◆ **Goal of the exercise**:
Two lines mark the range in the entries below: the one holding "KLOSET DUDUK 1" and the one holding "Figure 4 - Partial". Set down those two and all lines between them, exactly.

◆ **Material provided**:
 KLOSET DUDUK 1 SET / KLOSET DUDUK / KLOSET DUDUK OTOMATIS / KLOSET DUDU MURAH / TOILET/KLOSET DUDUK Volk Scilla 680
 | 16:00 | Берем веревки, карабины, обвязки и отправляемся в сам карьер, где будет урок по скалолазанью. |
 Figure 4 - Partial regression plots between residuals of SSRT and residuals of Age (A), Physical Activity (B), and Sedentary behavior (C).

==

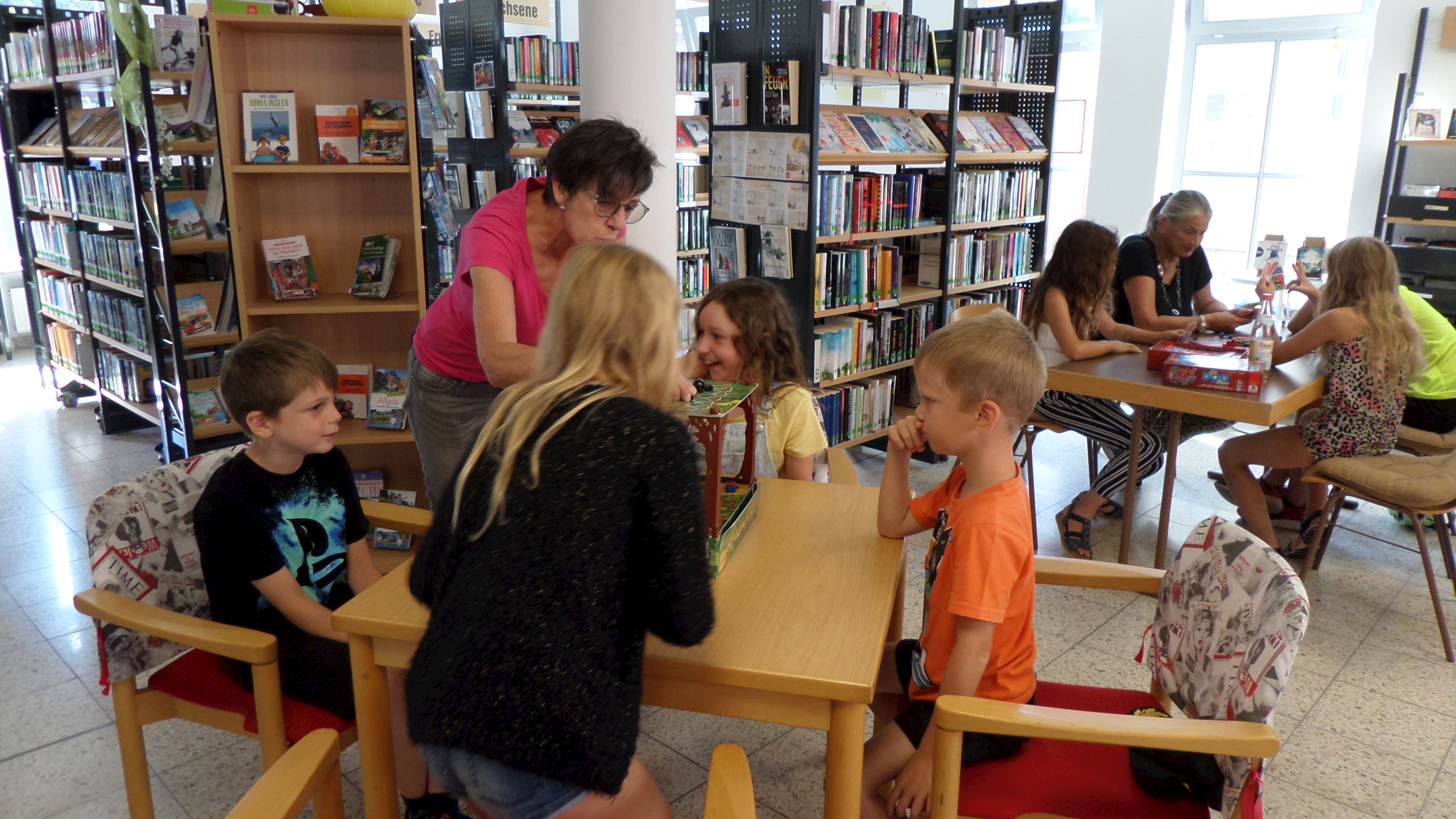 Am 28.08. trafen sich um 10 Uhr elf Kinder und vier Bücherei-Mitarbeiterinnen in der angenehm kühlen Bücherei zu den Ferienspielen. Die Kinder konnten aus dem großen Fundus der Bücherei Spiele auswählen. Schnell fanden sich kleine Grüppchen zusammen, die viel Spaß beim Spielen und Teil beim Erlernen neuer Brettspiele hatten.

◆ **Written answer**:
 KLOSET DUDUK 1 SET / KLOSET DUDUK / KLOSET DUDUK OTOMATIS / KLOSET DUDU MURAH / TOILET/KLOSET DUDUK Volk Scilla 680
 | 16:00 | Берем веревки, карабины, обвязки и отправляемся в сам карьер, где будет урок по скалолазанью. |
 Figure 4 - Partial regression plots between residuals of SSRT and residuals of Age (A), Physical Activity (B), and Sedentary behavior (C).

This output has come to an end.